Part 10: Complete System – Conducted and Radiated Emissions Results

This is the 10^th and the final article in a series of articles devoted to the design, test, and EMC emissions evaluation of 1- and 2-layer PCBs that contain AC/DC and/or DC/DC converters and employ different ground techniques [1-9]. The goal of this study was to evaluate the impact of different grounding strategies and the tradeoff with other design constraints that designers often face. In this article, we present the conducted and radiated emissions results performed according to the CFR Title 47, Part 15, Subpart B, Class B. 

1. Complete System and Board Topologies

Figure 1 shows the top side complete system PCB assembly and its top-level schematic with the functional blocks.

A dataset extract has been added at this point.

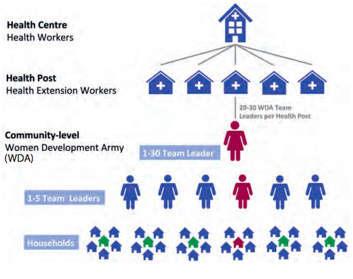 The emergency nutrition response is delivered primarily through the Health Extension Programme (HEP), implemented by government-employed health extension workers (HEWs) with support from partners. Under the HEP, the FMoH has built at least one health post and assigned two HEWs per kebele (sub-district) to provide preventative and basic curative services. At the community level the Women Development Army (WDA), a network of volunteers, links the neighbourhood with HEWs and is responsible for behaviour change communication (BCC) and community mobilisation (Figure 6). Some five health posts are supported by one health centre, staffed by nurses and providing more advanced curative services. Hospitals in densely populated towns and cities provide tertiary treatment for cases with severe complications.
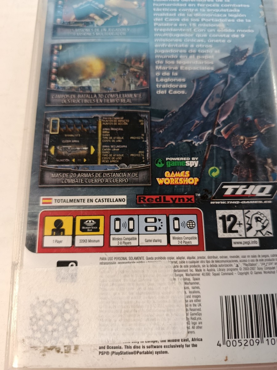 el juego offers deep strategic experience con 15 para un missions and 9 multiplayer missions. Each confrontation takes place in Fully destructible 3D de, where el and cover can ser the keyde the victory. Spanish edition complete con original box, manual and UMD. juego In excellent de and fully functional. Ideal para fans de Warhammer 40,000, de collectors and lovers de tactical strategy. Warhammer 40K, Warhammer 40000, Squad Command, PSP, PlayStation Portable, THQ, Games Workshop, RedLynx, tactical juego , turn-based strategy, space marines, Adeptus Astartes, Legions del Chaos, video gamedeguerra , PSP collection, PAL Spain, 2007 We Are Based in Spain and Offer Carefully Curated Items: Vinyl Records, VHS Tapes, DVDs, Cassettes, Books and Collectibles. We Take Great Care with item Condition

The board is capable of accepting either an AC or DC input. The AC to DC conversion takes part in Partition A of the board (not drawn to scale). The DC to DC converter in Partition B accepts 24V DC input either from the AC/DC converter in Partition A or from an external source [1]. The AC to DC converter is controlled by a Maxim MAX5022 IC, the DC to DC converter is controlled by MAX17783CATB+. These two circuits provide power to the embedded system section of the board, which consists of a ST Microelectronics STM32G030F6P6 microcontroller, a Microchip MCP7940NT-I/MS real time clock, and a Maxim Integrated MAX31855JASA+ cold-junction compensated thermocouple to digital converter. 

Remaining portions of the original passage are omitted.